As for the welding aspect I work for a company that builds bridges for union Pacific. Job is decent co workers are great but the fact that you may get seriously hurt or die at any given moment in the shop is what really makes me want to get out of it. Honestly I'd love to get into the industry but from what everyone's been saying your gonna get burned out working on everyone else's crap before you even get to start on your own.


----------



## Chaos (Oct 27, 2005)

Well, I can certainly appreciate the hazards of construction on that scale and understand why you would want to avoid it. The company I weld at manufactures relatively light duty steel & aluminum tubular products - nothing resembling bridges. We do occasionally order parts from other fab shops that do supply the heavy construction industry, so I have seen what that type of place is like and it can be daunting. There was a bridge built here a couple of years ago, and I know that at least one person died during the project. It doesn't get more serious than that.

Still, there must be a dozen other jobs you are already qualified for that would offer less potential for disaster with comparable wages & benefits. To put this in perspective: I know two co-workers who were severely injured by accidentally deployed air bags. Fortunately, they did not have any long term physical damage that I have heard about, but these were both seasoned pros with years of experience who made one slight error and had it literally blow up in their faces. Both of them left the company (one was fired on the spot, the other one found another job). If you were working on underbody lights, a back-up camera or reverse sensors, a car could fall on you. To be perfectly blunt, your family would be better off if you fell from a bridge. At least then they would have some benefits. If you were seriously injured and/or permanently disabled working in a garage, you could wind up unable to work. If - heaven forbid - you were actually killed on the job, not only would your family be left with nothing but the entire shop would be sued out of existence and everybody working there would be out of a job.

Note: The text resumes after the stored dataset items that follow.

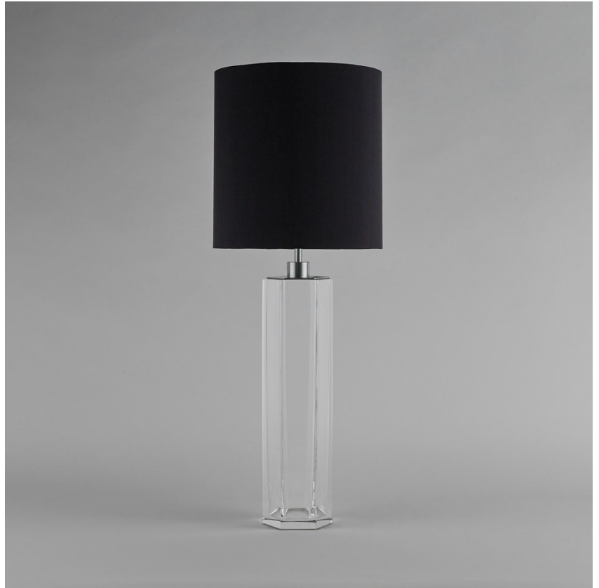
TL704-LA in Clear with Brushed Nickel and 12" Tall Drum in Bennett's 5018W-52 Black Dupion
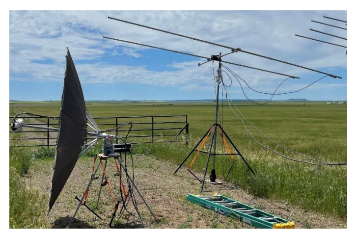
KA6U's 23 and 70 cm antennas in ND at moonrise

I plan to lend this 23 cm EME station to operators in states that I don't visit. The station will be compact and easy to ship. K5QE, NC1I, W6TCP, N1AV, NH6Y and I have collaborated to deploy a permanent 70 cm station at Tom's QTH on Maui. The initial station was operational starting in early Dec. Tom's current station is using the PA and antennas that I used roving last Summer, but with HPOL only. We plan to continue to improve the station in the next months. The station should eventually be better than the station I use for roving. The photo shows the 23 and 70 cm antennas in North Dakota at moonrise. The total setup time for both arrays is 40 minutes. Running pile-ups on both bands at 2:00 am LT in the morning is a good way to wake up. This day in North Dakota started after sunrise. For more info see http://ka6u.blogspot.com.
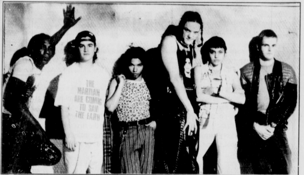
(Left to right) Lord Nikon (Laurence Mason), Joey (Jesse Bradford), Phatom Phreak (Renoly Santiago), Cereal Killer (Matthew Lillard), Kate (Angelina Jolie) and Dade (Jonny Lee Miller) are renegade computer geniuses in United Artists' fast-paced cyberpunk thriller Hackers.
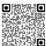
Our Life affairs guidance
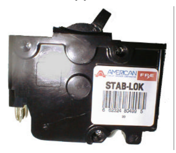
Figure 9 – Replacement Stablok breaker

If the breakers themselves are the problem, should homeowners consider replacing the breakers and keeping the panel? At various times over the last 2 decades, different manufacturers have made after-market products designed to fit FPE panels. In some cases, these breakers have been made in Canada, Mexico, or China. Salvaged old FPE breakers are also available from specialty dealers. The breakers sold under the "American" brand are not UL listed, though they are listed by ETL, another nationally recognized testing laboratory. In all cases, replacement breakers are very expensive, with a single-pole 15 amp breaker costing as much as $50. If one wanted to replace all the breakers in a panel, they could spend a great deal more than it would cost to replace the panel with modern listed equipment.
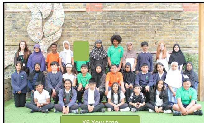
Y6 Yew tree

We wish our amazing Y6 pupils lots of luck in their secondary schools. You are all very special people, and we will miss you. Be proud of who you are; stand brave and stand tall. Thank you for everything that you and your families have contributed to Woolmore School.
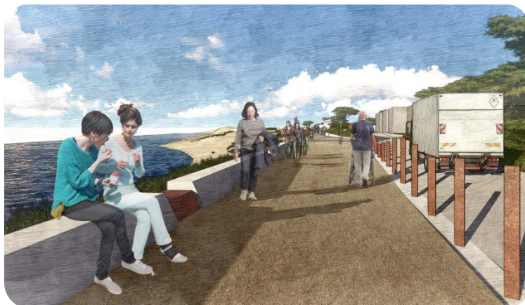
Rendering of South Ocean Beach Coastal Trail
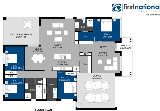
This floor plan including furniture, fixture measurements and dimensions are approximate and for illustrative purposes only. Realistic color guide is provided, whereby it represents as to the quantity and layout. All enquiries must be directed to the agent, vendor or party representing the floor plan. 30 Lawson Drive, Lakes Entrance
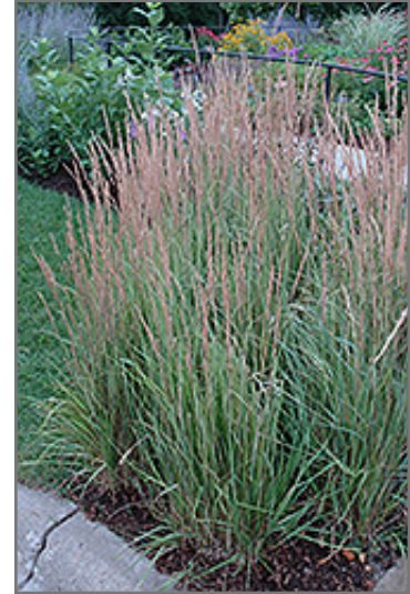
Variegated Reed Grass in bloom

Variegated Reed Grass is an herbaceous perennial with an upright spreading habit of growth. It brings an extremely fine and delicate texture to the garden composition and should be used to full effect.
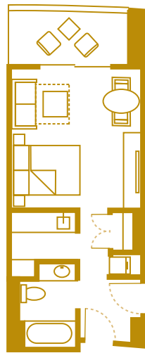
Typical Deluxe Studio , 339 sq. ft. Accommodates up to four Guests plus one child under age 3 in a crib.
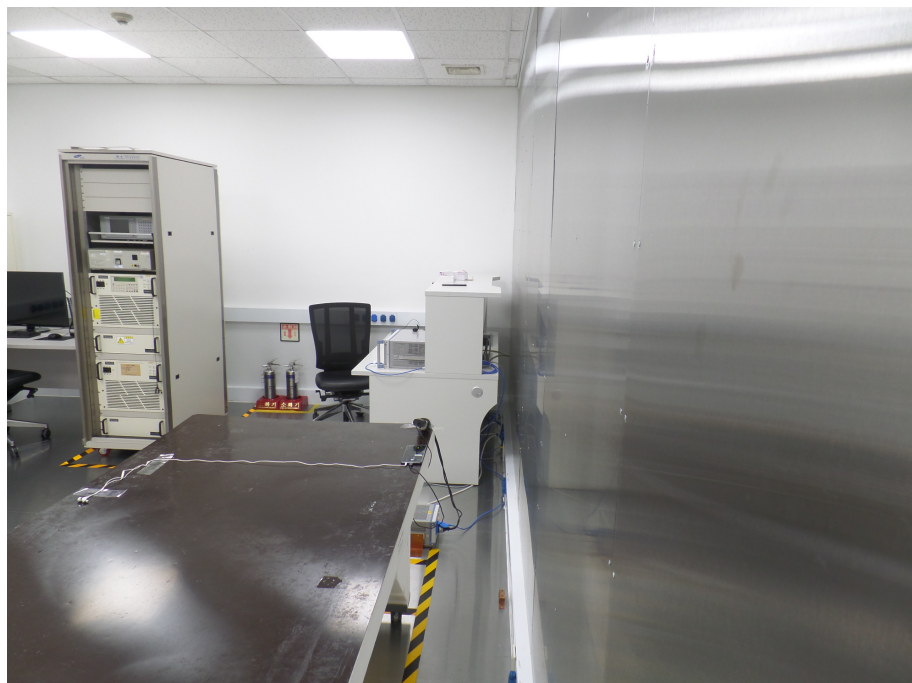
[ Mode 1 – 3 : Rear ]
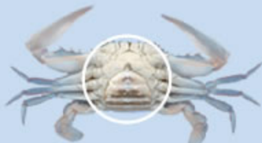
Mature Female - Sook

The she-crab or immature female crab has an inverted V-shaped apron. Females have orange tipped claws.
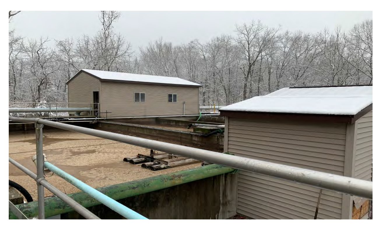
Sequence Batch Reactor Tanks Photo 2
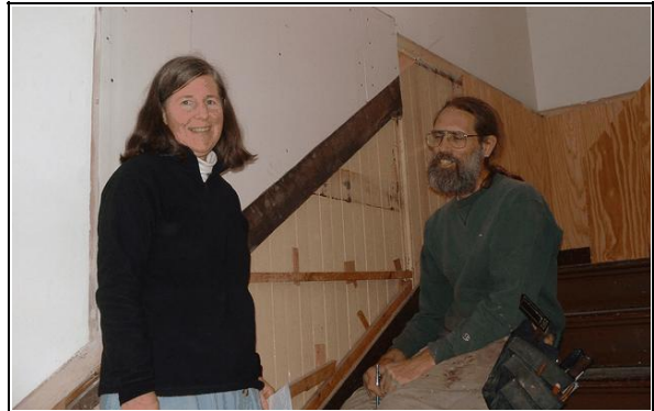
Old wainscoting replaced with new wood
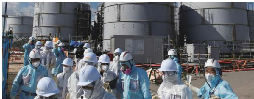
Reporters touring the Fukushima plant, February 2016

Besides the obvious issues associated with an event like that, the financial liability alone could ruin your entire year. Replacing airbags or a damaged BCM (body control module) can cost you thousands of dollars out of your own pocket, and never mind the busted sill plates and dash trim pieces that you will inevitably break and have to buy new ones. You think a shop owner is going to cover that on their insurance? Yeah fu(king right! I'm not just talking about rookie mistakes or bad luck. This sort of thing happens to experienced installers every day. Part of it is hubris and part of it is apathy. I walk a very fine line because I am not as completely jaded as the full timers and still try to do a good job (treat every car like it was mine), but every hour I spend in the bay is filled with the same risks. Honest to goodness, the primary motivation that installers have to do a decent job is classic negative reinforcement. If they hack things up too badly, then the car comes back until it is put right. That is wasted time which prohibits you from working on paying jobs. 

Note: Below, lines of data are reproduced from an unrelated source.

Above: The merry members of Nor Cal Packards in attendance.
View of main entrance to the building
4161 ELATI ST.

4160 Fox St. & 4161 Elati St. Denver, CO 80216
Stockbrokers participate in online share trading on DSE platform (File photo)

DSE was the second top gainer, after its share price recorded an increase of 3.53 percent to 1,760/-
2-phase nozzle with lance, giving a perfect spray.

Spending half the year with hands so raw and sore that you can barely hold a tool is not fun. You know what a common topic of conversation in a garage during the winter is? It isn't frequency response or system tuning - its what type of skin moisturizer heals your hands the fastest while not being to greasy to work. That is the glamorous world of mobile electronics installation.

I get that you want to try something new and it isn't really any of my business, but installing full time is a young man's game who has no family to support and can tolerate the crazy hours / crappy pay for years before either moving on to something better or finally becoming sought after enough to really make some money. Like anything else, success is possible but far from assured. Maybe you could become a great installer, but I wouldn't recommend it under any circumstances unless you have a solid contingency plan to fall back on.


----------



## thehatedguy (May 4, 2007)

I got carpal tunnel from it...and that ruined a lot of things for me that I love to do- play guitar, ride motorcycles, work on my own car, give my wife back rubs, pick up my children when they (my hands) are hurting really bad...

Make sure you stretch your hands and wrists a few times a day...cause your crimpers and drill will be in your hands 90% of the day.


----------



## Angrywhopper (Jan 20, 2010)

I'm going to echo what thehatedguy and Chaos have said. In fact I'm telling you.. don't do it! You're in a skilled profession that's always in demand. Build on that. 

Car Audio has changed. The stuff and people you see on here rarely reflect what goes on in the "real world".


----------



## Victor_inox (Apr 27, 2012)

Skilled welder makes way more money end of story. don't mix work and hobby. Install for your friends, relatives, people on craigslist when you have time and make a buck on a side. when you have kids there no such thing as too much money.


----------



## Darth SQ (Sep 17, 2010)

thehatedguy said:


> Don't do it if you have a family to support. Do it as a hobby or some stuff on the side. You might make minimum wage to train.
> 
> Been there, done that, and wouldn't do it again.
> 
> ...


No truer words said.
The best way to ruin a hobby is to get a job doing it.
Which explains why I have a 67 convertible mustang that I've owned for over 30 years now and never driven.


Bret
PPI-ART COLLECTOR


----------



## Darth SQ (Sep 17, 2010)

Victor_inox said:


> Skilled welder makes way more money end of story. don't mix work and hobby. Install for your friends, relatives, people on craigslist when you have time and make a buck on a side. when you have kids there no such thing as too much money.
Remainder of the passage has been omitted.